The embedded javascript checks the requested pathname after the 404 page has loaded and will only redirect if it matches the old address. You can redirect multiple resources this way by chaining the ifs or just replace the host of the location for all urls if it's a full redirect for the whole page (but again use other methods where possible). Alternatively, you can also put the script at the top and let it execute right away instead of waiting for a full load, however, it might be nice for the user to see that their link was indeed a 404 before sending them to the correct place (and it's a good reminder for you to remove the hack once people overwhelmingly go to the correct link directly).

Note, setting a "Content-Security-Policy" to mostly 'unsafe-inline' makes sense as you shouldn't load other resources on a 404 page.

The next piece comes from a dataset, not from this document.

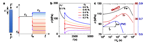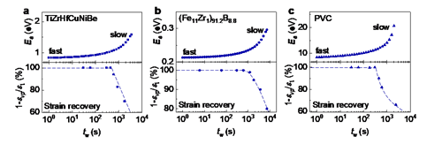 图4 预加载应力松弛呈现双阶段,短时间为可逆弛豫具有较小的激活能,为 弛豫过程;长时间为不可逆弛豫的协同运动过程,具有较大的激活能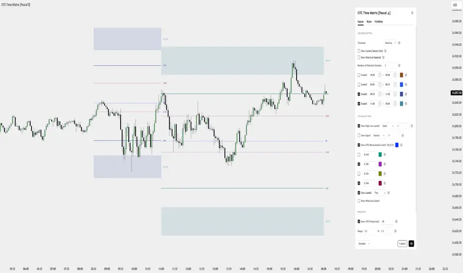 “OTE Time Matrix [Pascal ⧋]” anchors each session’s range to the current session open, then projects OTE retracements and expansion zones. It’s session-aware, timezone-aware, and market-aware (stocks, futures, forex, crypto) with safeguards for RTH and futures quirks.

Please don't use this solution unless there is absolutely no other way to achieve the desired result. Again, it only works if the user directly browsers to the resource. Also, a web crawler will identify the pages as 404 and thus not count them as valid redirect. For example, google won't allow it for migrating a domain from the google search console (you need 301 redirects or valid soft redirects via <meta http-equiv="refresh" content="0; url=https://..." /> for google to accept the move). Also, referencing the resource via eg img will also break (as the image is seen as 404 only).

However, this is a valid solution for cases where, for one reason or another, users directly land on the resource while browsing and the referrers haven't updated the links yet (eg. stale google search result links or other pages linking to the old address). Their automated tooling (if they use any) will notify them that the link is returning a 404 and bring them to update the links (hopefully) eventually.